→ **Task instructions**
Transcribe the material verbatim, starting at its first line and stopping once the line containing "Der Vogelsand wird" has been given; no picture should appear.

→ **Records provided**
|---|

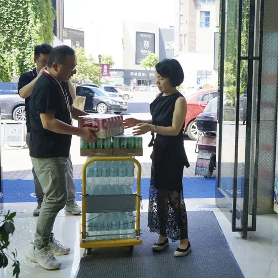 绍兴九鼎还为金德隆园区的工作人员送上了清凉饮品,也感谢园区对绍兴九鼎一直以来的大力支持。
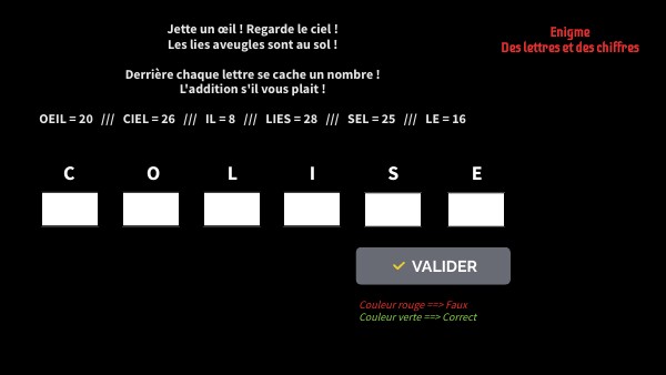 Jette un œil ! Regarde le ciel ! Les lies aveugles sont au sol ! Derrière chaque lettre se cache un nombre !L'addition s'il vous plait ! OEIL = 20 /// CIEL = 26 /// IL = 8 /// LIES = 28 /// SEL = 25 /// LE = 16
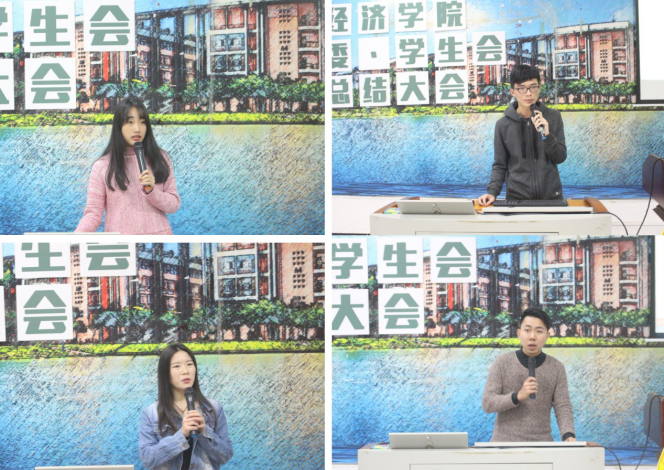 随后,各位常委上台总结,主要围绕各部门的工作回顾、努力方向以及下学期工作安排三个方面进行发言,并鼓励各个部门再接再厉,脚步永不停歇。希望大家能在学习的过程中成长,为经济学院全体师生奉献自己的一份力量。
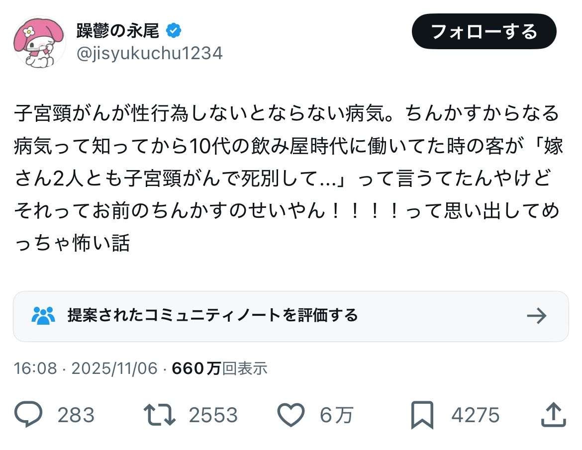 まんさん「子宮頸がんはチンカスからなる病気!!!」万バズ
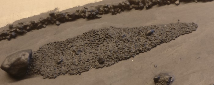 Der Vogelsand wird darüber geschüttet und in den PONAL eingedrückt. Die zuvor platzierten Steine bleiben so erhalten und ragen später aus dem Geröll auf.
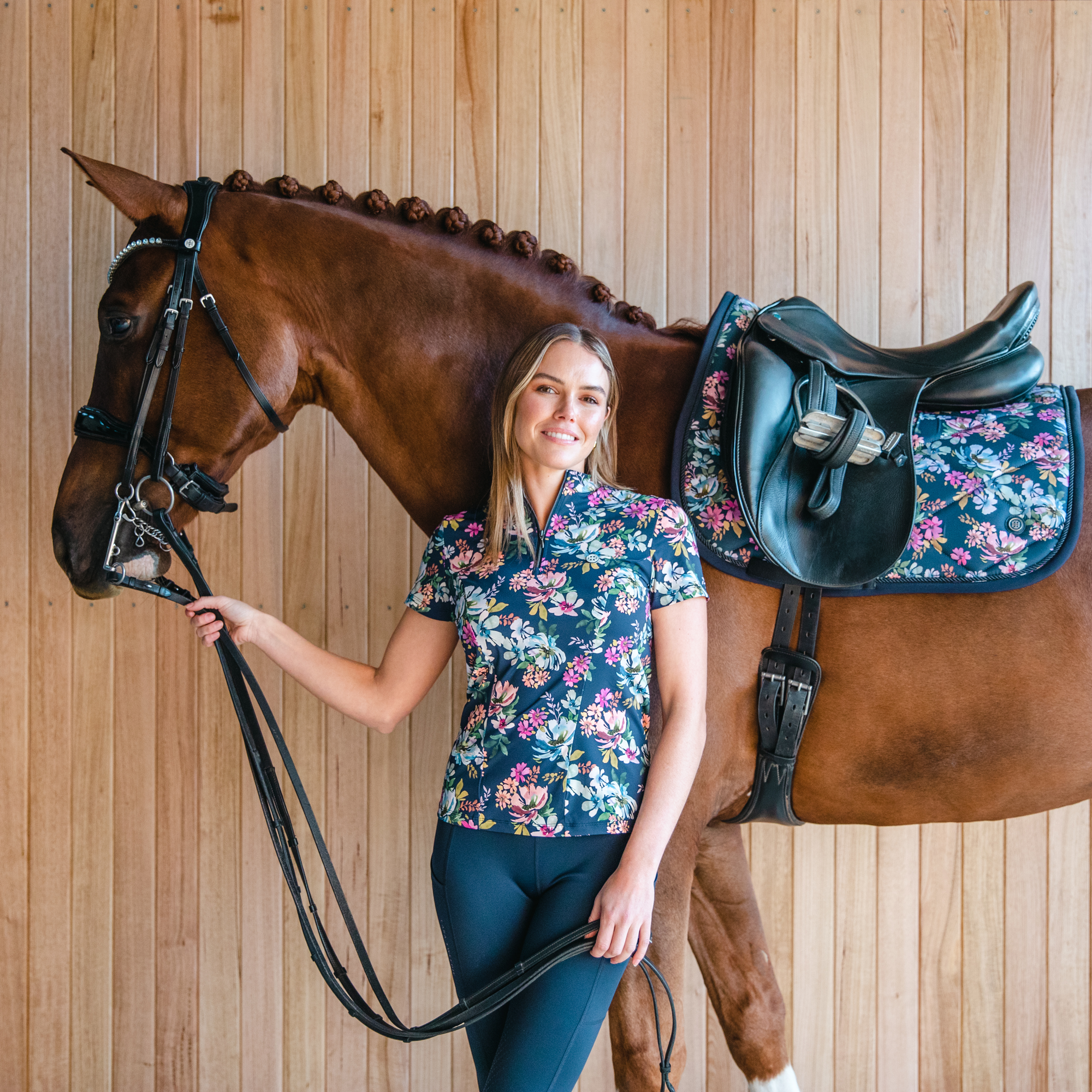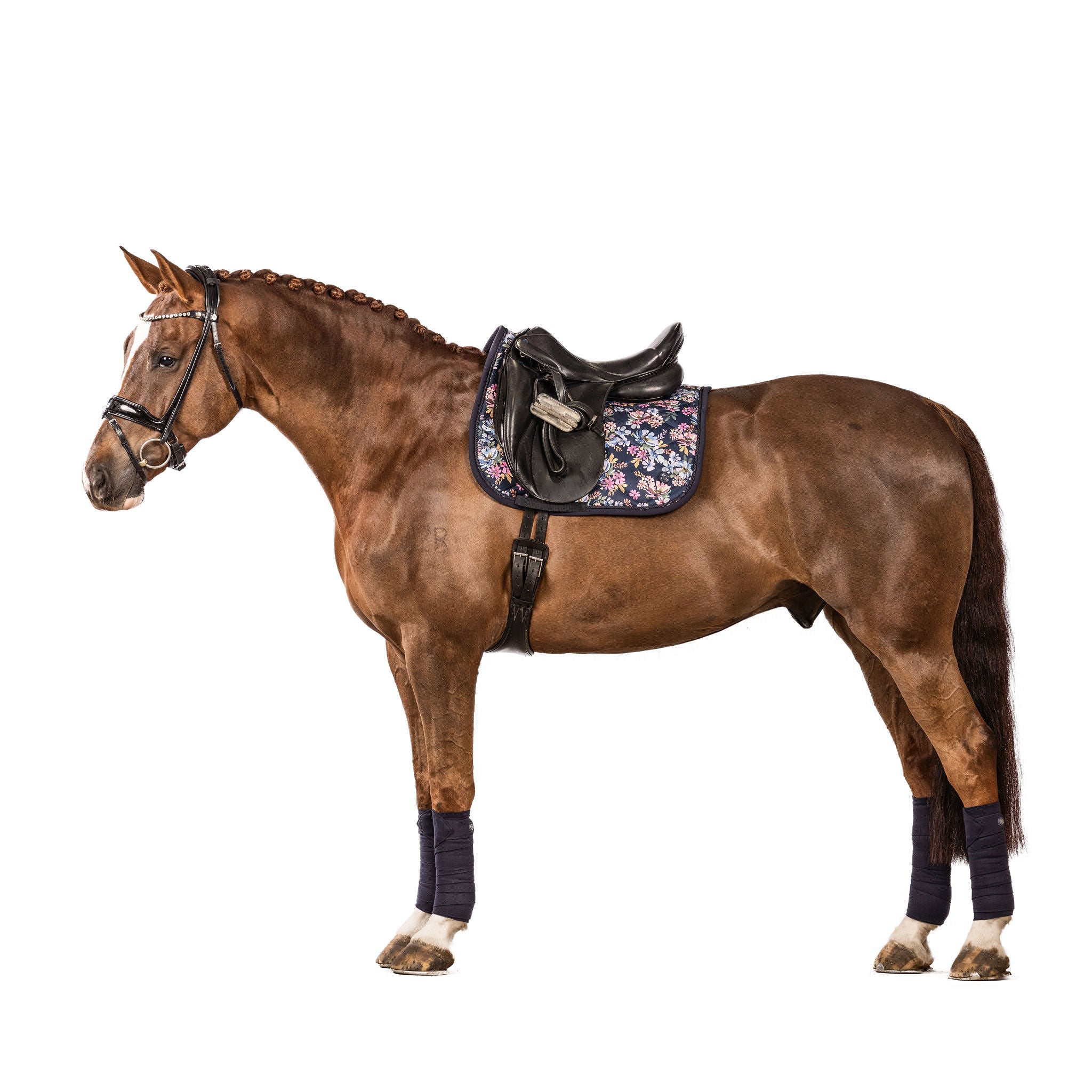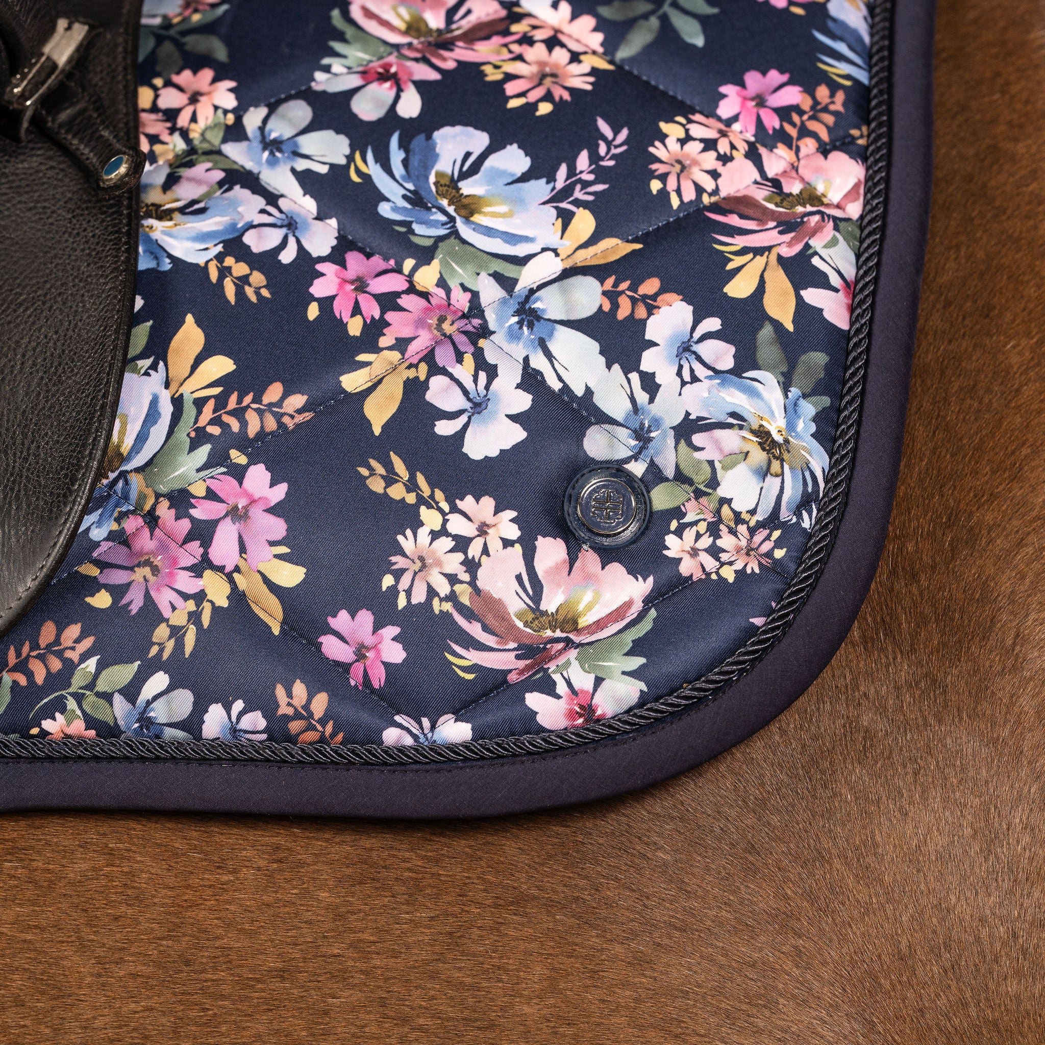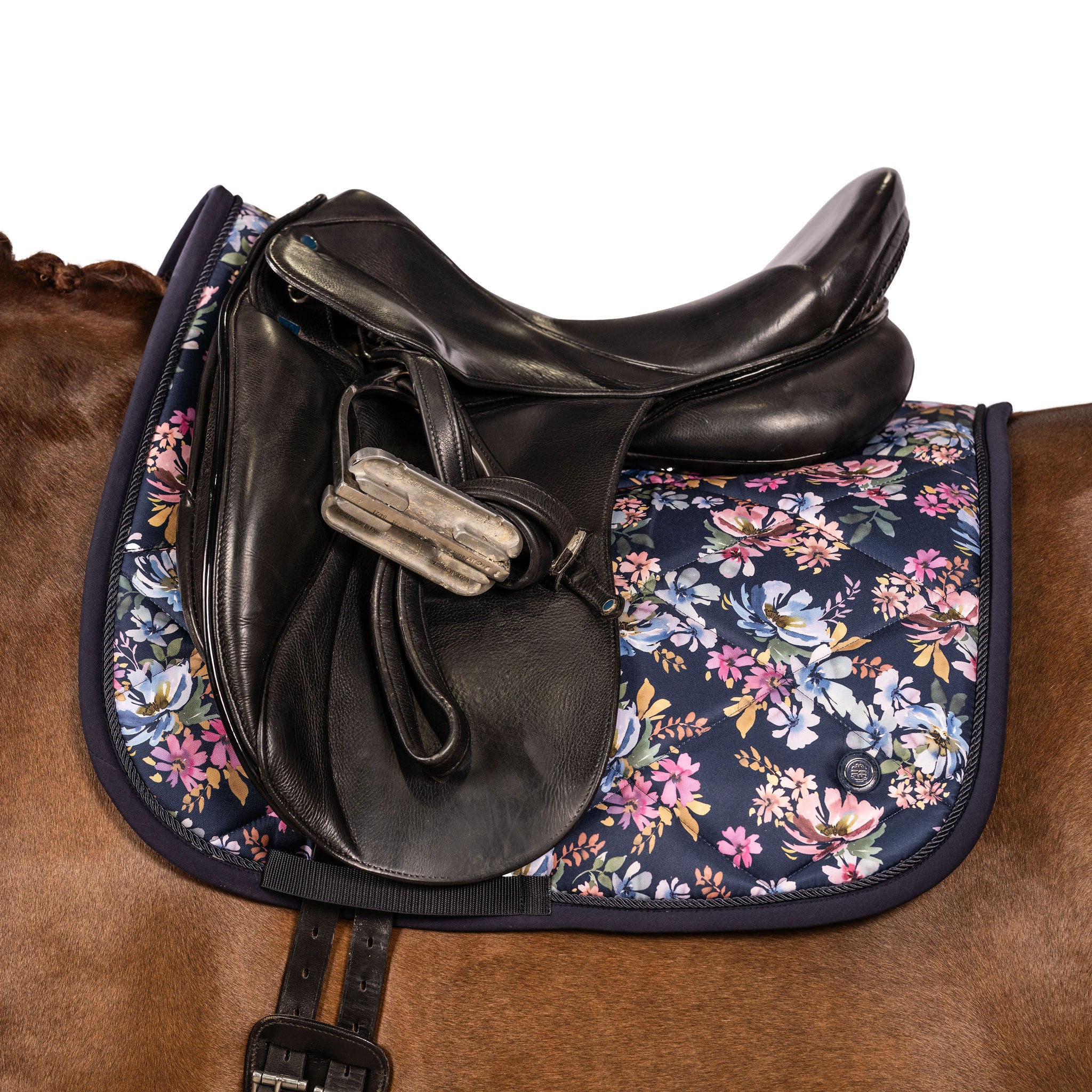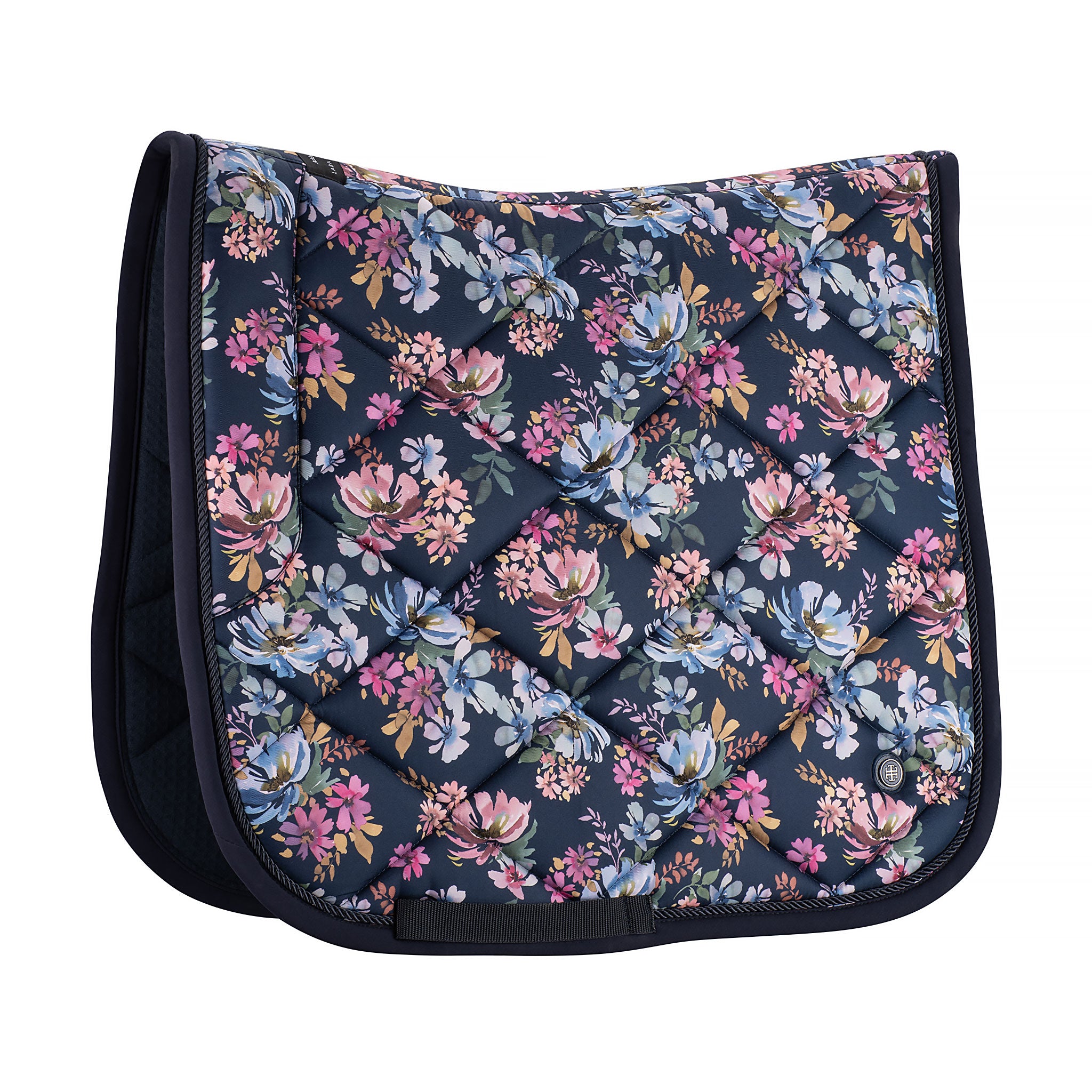 This ultra soft dressage saddle pad is the ultimate in comfort for your horse. Super soft cotton waffle weave lining and eco fill offer natural breathability. The Ashlie Floral print is accented by a complimentary diamond quilt.

|---|

→ **Result for this task**
 绍兴九鼎还为金德隆园区的工作人员送上了清凉饮品,也感谢园区对绍兴九鼎一直以来的大力支持。
 Jette un œil ! Regarde le ciel ! Les lies aveugles sont au sol ! Derrière chaque lettre se cache un nombre !L'addition s'il vous plait ! OEIL = 20 /// CIEL = 26 /// IL = 8 /// LIES = 28 /// SEL = 25 /// LE = 16
 随后,各位常委上台总结,主要围绕各部门的工作回顾、努力方向以及下学期工作安排三个方面进行发言,并鼓励各个部门再接再厉,脚步永不停歇。希望大家能在学习的过程中成长,为经济学院全体师生奉献自己的一份力量。
 まんさん「子宮頸がんはチンカスからなる病気!!!」万バズ
 Der Vogelsand wird darüber geschüttet und in den PONAL eingedrückt. Die zuvor platzierten Steine bleiben so erhalten und ragen später aus dem Geröll auf.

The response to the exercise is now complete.